The proxy server (240) continuously samples the audio and video data stream from the user's computer (271) and posts the resulting voice samples and face images to the authentication server (250) based on rules implemented by the proxy server (such as required confidence scores). These rules take the result from the previous voice and face biometric matches and speech recognition results, and combines these rules and analysis performed by the authentication server (250) to determine the veracity of the voice and face image samples and the resulting biometric match scores and speech recognition results.

The proxy server (240) uses several rules-based processes as part of the business rules engine (241) to coordinate voice and face information. Eye and lip movement information and face count (the number of faces in the image) information produced by the face biometric technology, is used to authenticate the voice biometric results.

For example, a rule can be set that voice biometric and speech recognition results are only accepted if the face biometric technology detects one and only one face in the image. If no face or more than one face is detected, a warning messages is provided (either visually or verbally using speech synthesis or pre-recorded voice messages).

In another example, eye movement information must indicate that the face is recognised and is looking at the camera on the device for a voice biometrics and speech recognition result to be accepted.

In another example, eye tracking provided by the face biometric is used to detect head movement to infer whether a person is acknowledging a spoken instruction, for example.

In another example, lip detection is used to synchronise lip movement with the phonetic speech recognition result to determine if the lip movement is consistent with phonetic sounds recognised by the speech recognition software. This is an indication of "liveness".

In another example, the visual appearance, may include gait or other movement analysis of the users.

Together, these rules and processing provides a continuous form of authentication and provides continuous security updates to the secure website (230).

The verification result produced by the proxy server (240) is sent to the service website (230) to allow access, deny access or another action such as restricting the types of services that can be accessed, depending on the level of confidence the system has in the biometric match result.
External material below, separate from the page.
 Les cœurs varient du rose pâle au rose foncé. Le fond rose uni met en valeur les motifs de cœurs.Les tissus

As the proxy server (240) is providing continuous identity verification, the access to secure services can be authenticated during an online/real time service.
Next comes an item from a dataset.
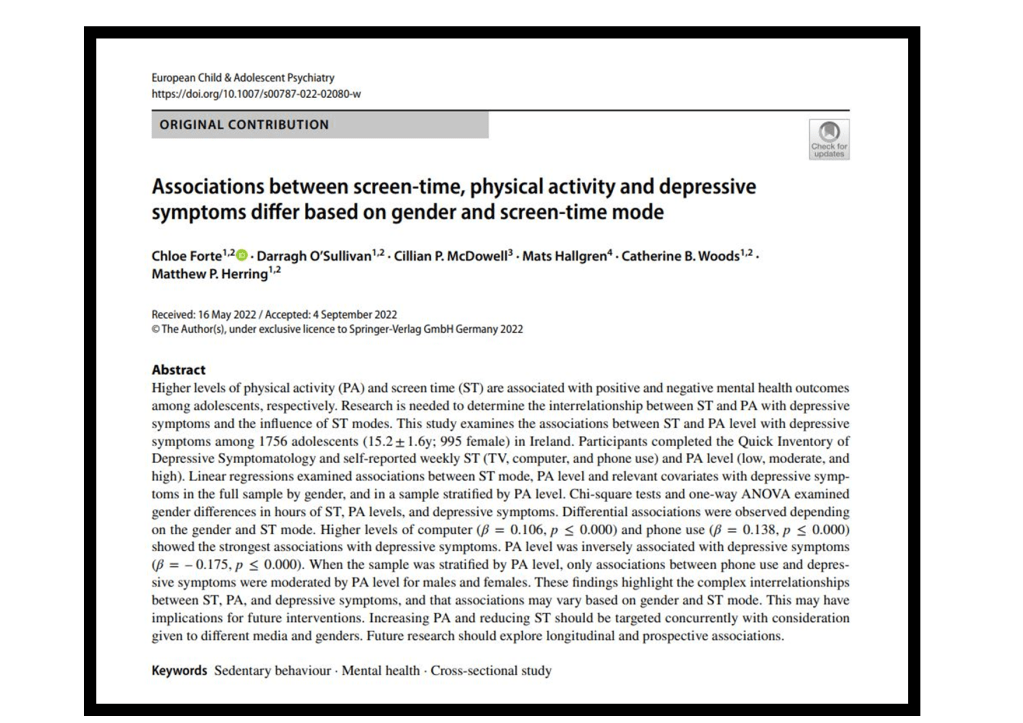 Forte, C., O’Sullivan, D., McDowell, C. P., Hallgren, M., Woods, C. B., & Herring, M. P. (2022). Associations between screen-time, physical activity and depressive symptoms differ based on gender and screen-time mode. European Child & Adolescent Psychiatry, 1 10.https://doi.org/10.1007/s00787-022-02080-w. Impact factor: 5.28; Q1

For example, where no face is detected, sensitive information may be masked and only become visible once a verified face is subsequently detected.

In another example, the continuous verification allows a secure service provider to seamlessly accept card payments, for example in an online shopping application, as the shopper has been continuously verified throughout the online shopping experience. This enables the authentication process to remain in the background and not interfere with the online experience. Given the multi-factor nature of the technology, fusing voice and face biometrics, enables online retailers and other online services to comply with incoming identity authentication and data protection regulations, such as PSD2 and GDPR.
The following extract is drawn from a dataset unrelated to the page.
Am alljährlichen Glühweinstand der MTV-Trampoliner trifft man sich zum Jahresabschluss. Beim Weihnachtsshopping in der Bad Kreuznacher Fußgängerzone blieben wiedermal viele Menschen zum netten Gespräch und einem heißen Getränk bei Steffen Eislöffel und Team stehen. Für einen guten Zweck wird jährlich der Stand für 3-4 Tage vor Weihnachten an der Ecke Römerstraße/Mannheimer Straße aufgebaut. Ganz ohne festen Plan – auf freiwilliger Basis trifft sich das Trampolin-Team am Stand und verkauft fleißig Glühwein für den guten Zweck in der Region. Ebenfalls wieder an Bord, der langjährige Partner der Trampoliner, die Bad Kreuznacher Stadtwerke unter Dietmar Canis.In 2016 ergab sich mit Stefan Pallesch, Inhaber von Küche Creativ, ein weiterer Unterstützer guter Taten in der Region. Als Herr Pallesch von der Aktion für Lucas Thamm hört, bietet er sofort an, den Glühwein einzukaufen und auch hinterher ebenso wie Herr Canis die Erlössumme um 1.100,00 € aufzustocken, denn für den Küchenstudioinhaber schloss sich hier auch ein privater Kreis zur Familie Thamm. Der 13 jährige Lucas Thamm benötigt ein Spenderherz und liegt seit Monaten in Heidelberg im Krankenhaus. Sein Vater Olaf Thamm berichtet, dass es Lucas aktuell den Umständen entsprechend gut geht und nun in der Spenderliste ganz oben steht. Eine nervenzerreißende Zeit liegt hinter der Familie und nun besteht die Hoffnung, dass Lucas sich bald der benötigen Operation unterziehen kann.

Select embodiments of the invention only have been described and illustrated, and it will be readily apparent that other embodiments, modifications, additions, and omissions are possible within the scope of the invention.

The invention may be varied according to requirements, including but not limited to programming language or emulation, having as its objective the ability to use captured audio and visual data of a user to authenticate and verify an identity during an electronic commerce transaction.